Giving up Drab for Lent
If you had a chance to read my previous post about Lent, you may recall that I value Lenten fasts as a praxis to open us to the Divine rather than a form of penance. The answer to my question What should I give up for Lent? was consistent with wisdom that has come to me in the past. This very fact did not sit well with me. I like unique things, so I resisted it at first. A more receptive part reasoned that sometimes repetition provides a theme revealing who you are and what you have to offer. Aren’t these the big questions with which Religion deals? I decided to follow up.
So I’m giving up drab for Lent. More precisely, I’m committed to find and share ‘beauty’ for the next forty days. I didn’t hear this answer as an audible voice like the mystic or mentally ill might experience, but it was an idea that wouldn’t let me go though I squirmed. My resistance came from the fact that I am in a church that cares about justice and beauty is not food for the poor, rights for the indigenous, care for the earth, safety for the minority, health care for the elderly…you get the point.
However, I didn’t dig my heels in too long for this is an old argument. The practical and the artist within me have had this debate before. I recalled a post a seminary classmate made in response to my sharing about a creative writing class I offered to homeless women in Seattle as part of my practicum in writing as ministry. He wondered if my classes were small because creative writing was too high on Maslow’s pyramid of needs. These women didn’t need “self-actualization” at the top of the pyramid; they needed their basic needs for food, housing, and safety met. The practical side of me agreed, but the artist held out. I could only agree to a point.
Learning to see the beauty and meaningfulness of our daily life is a profound avenue to our health and sense of abundance; it provides resilience. I love the prose poem , A Brief for the Defense by Jack Gilbert included in Roger Housden’s anthology, Dancing with Joy. Gilbert knows there is sorrow everywhere but sees the need to risk delight. I sit up straighter reading his lines, “We must have the stubbornness to accept our gladness in the ruthless furnace of this world. To make injustice the only measure of our attention is to praise the Devil.” For me beauty leads to joy despite the existence of the despair that haunts many in our current political state of affairs.

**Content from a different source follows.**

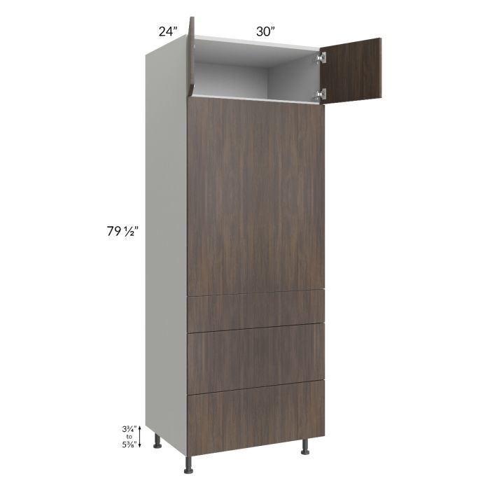 Milan Cafe 30x84 Single Oven Cabinet with 3 Drawers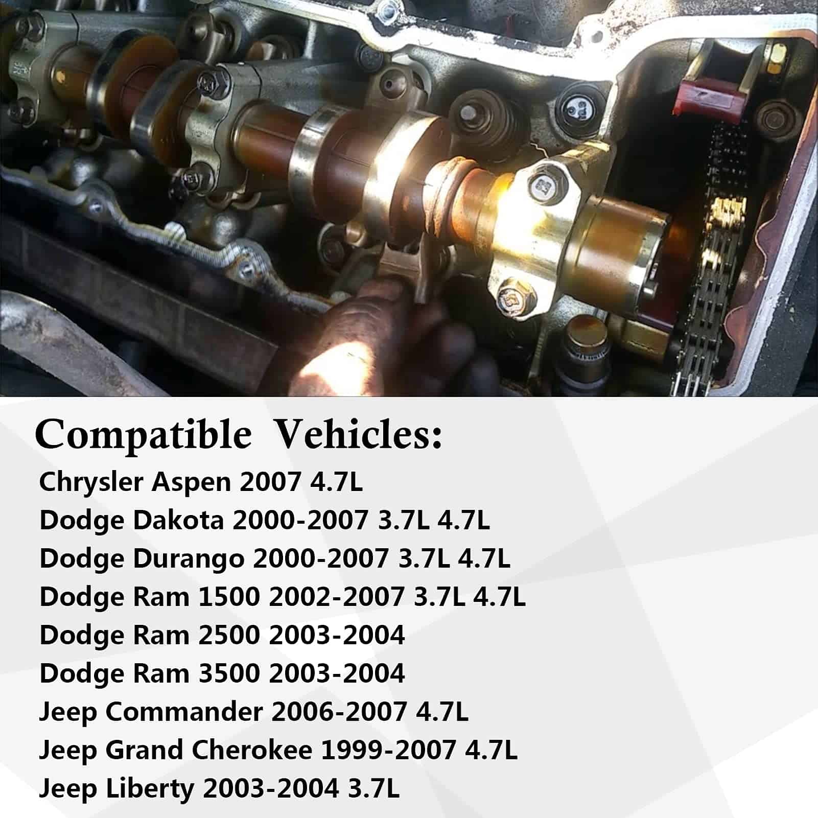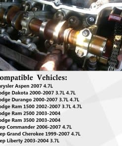 1. Consulte la compatibilidad para asegurarse de que esta parte se ajuste a su vehículo antes de comprar. Esta parte es compatible con Chrys-ler Aspen 2007 4.7L, Dakota 2000-2007 3.7L 4.7L, Durango 2000-2007 3.7L 4.7L, Ram 1500 2002-2007 3.7L 4.7L, Ram 2500 2003-2004, Ram 3500 2003-2004, Commander 2006-2007 4.7L, Grand Cherokee 1999-2007 4.7L, Liberty 2003-2004 3.7L.

Here and now, I’m declaring my intention to post some daily sharing of beauty through the Lenten season each day. I suspect some days will be too full of other needs to follow through, but by publicly stating this, I add fuel to my intention. I started today by placing these tulips in a public restroom. This I offer to the commuters and travelers.
I plan to explore beauty in the acts and ideas of justice in future posts, but for today, flowers deny the tyranny of the drab for those who can see while standing before a mirror.